Le mariage contracté en pays étranger, que ce soit entre Français ou entre un Français et un étranger, est effectivement valable chez nous s'il a été célébré selon les formes usitées dans le pays de célébration. Notre droit exige cependant de surcroît que certaines formalités préalables au mariage soient accomplies lorsque l'un des époux est français, à savoir la délivrance d'un certificat de capacité à mariage et la publication des bans. Le mariage d'un Français requiert en outre sa présence, aux termes de l'article 146-1 du code civil, et il doit être contracté publiquement, en application de l'article 191 du même code. Lorsque ces conditions ne sont pas réunies, l'autorité diplomatique ou consulaire sursoit à la transcription du mariage et informe le procureur de la République.

La comparution personnelle de l'époux français et la publicité permettent de s'assurer de la réalité du consentement de l'époux français. L'intention du législateur, qui a introduit en 1993 cette condition de fond tenant à la présence des époux, était bien de lutter contre les mariages de complaisance.

Il est important à cet égard de rappeler qu'en l'état actuel de la législation, ces conditions s'apprécient logiquement au jour de la célébration du mariage, date à laquelle le mariage produit ses effets entre les époux.
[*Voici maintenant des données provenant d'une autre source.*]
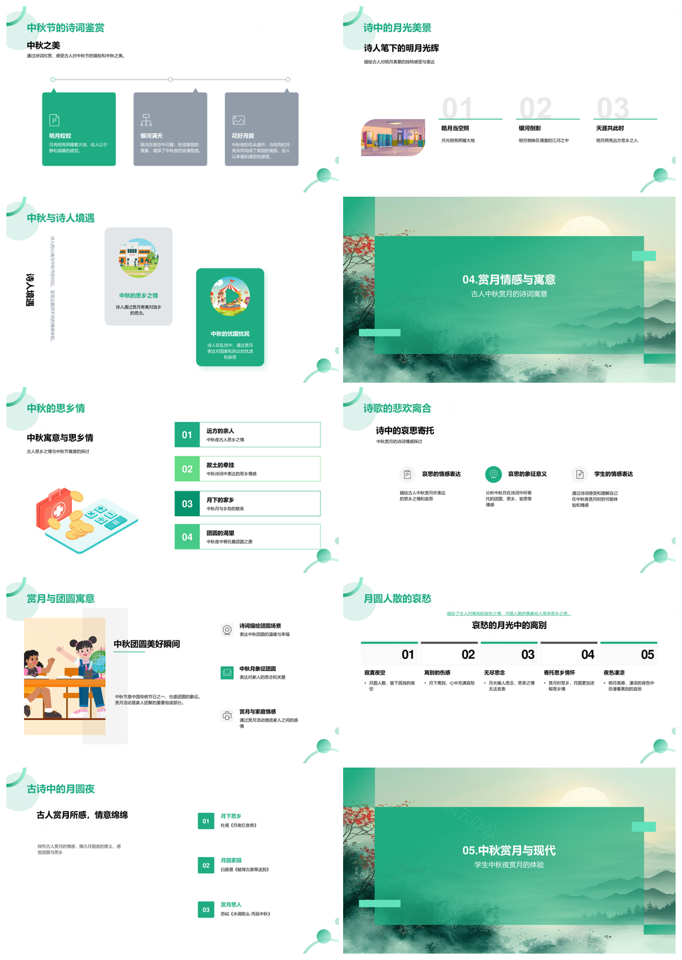 2025中秋诗词赏月思乡情感解析PPT模板推荐
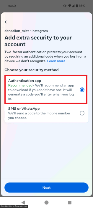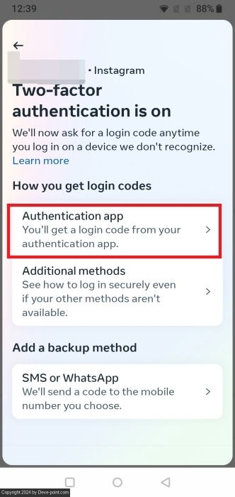 على الجهاز الجديد، تأكد من تثبيت Google Authenticator واستعداده للاستخدام. ستحتاج الآن إلى إعادة تمكين 2FA مرة أخرى في Instagram.
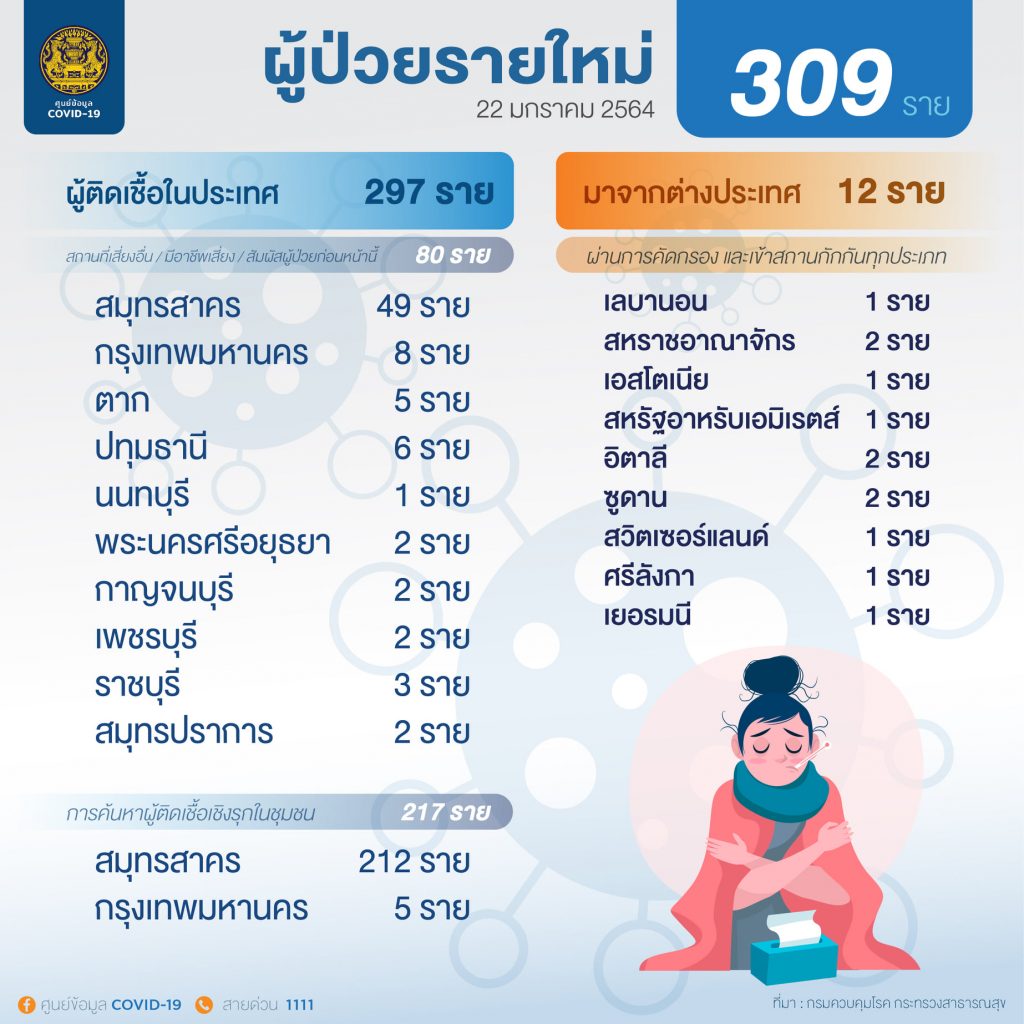 สำหรับผู้ป่วยรายใหม่ 309 ราย มาจากระบบเฝ้าระวังและระบบบริการฯ 80 ราย ค้นหาผู้ติดเชื้อเชิงรุกในชุมชน 217 ราย เป็นผู้เดินทางมาจากต่างประเทศ เข้าสถานที่กักกันที่รัฐจัดให้ 12 ราย . – สำนักข่าวไทย

En droit français, un mariage ne saurait emporter d'effets rétroactifs à une date antérieure à sa célébration, à la différence de la législation au Royaume-Uni – le Marriage (Same Sex Couples) Act 2013 dispose que le mariage issu de la conversion d'un partenariat civil doit être considéré comme ayant existé depuis la date de la constitution dudit partenariat.

Nous n'oublions toutefois pas nos nombreux compatriotes qui vivent à l'étranger. Il n'est évidemment pas question de remettre en cause la sincérité de leur engagement. Les services de la garde des sceaux vont donc engager une réflexion en vue de déterminer si les obstacles actuels sont susceptibles d'être levés pour tenir compte de la situation matrimoniale de ces couples franco-britanniques, dans le respect de notre ordre public international et de notre politique de lutte contre les mariages de complaisance.

Mme la présidente. La parole est à M. Alexandre Holroyd.

M. Alexandre Holroyd. Merci beaucoup, monsieur le ministre, de cet engagement à lancer une étude sur la question.

Le nombre de Français vivant à l'étranger a évolué depuis les années 1990, et ceux qui habitent le Royaume-Uni représentent aujourd'hui l'équivalent de la ville de Bordeaux. Dans ces conditions, il me paraît impératif de se rappeler l'esprit de la loi, au-delà des aspects techniques et des problèmes de transcription de régime entre pays – particulièrement s'agissant d'un partenaire aussi proche que l'est pour nous le Royaume-Uni.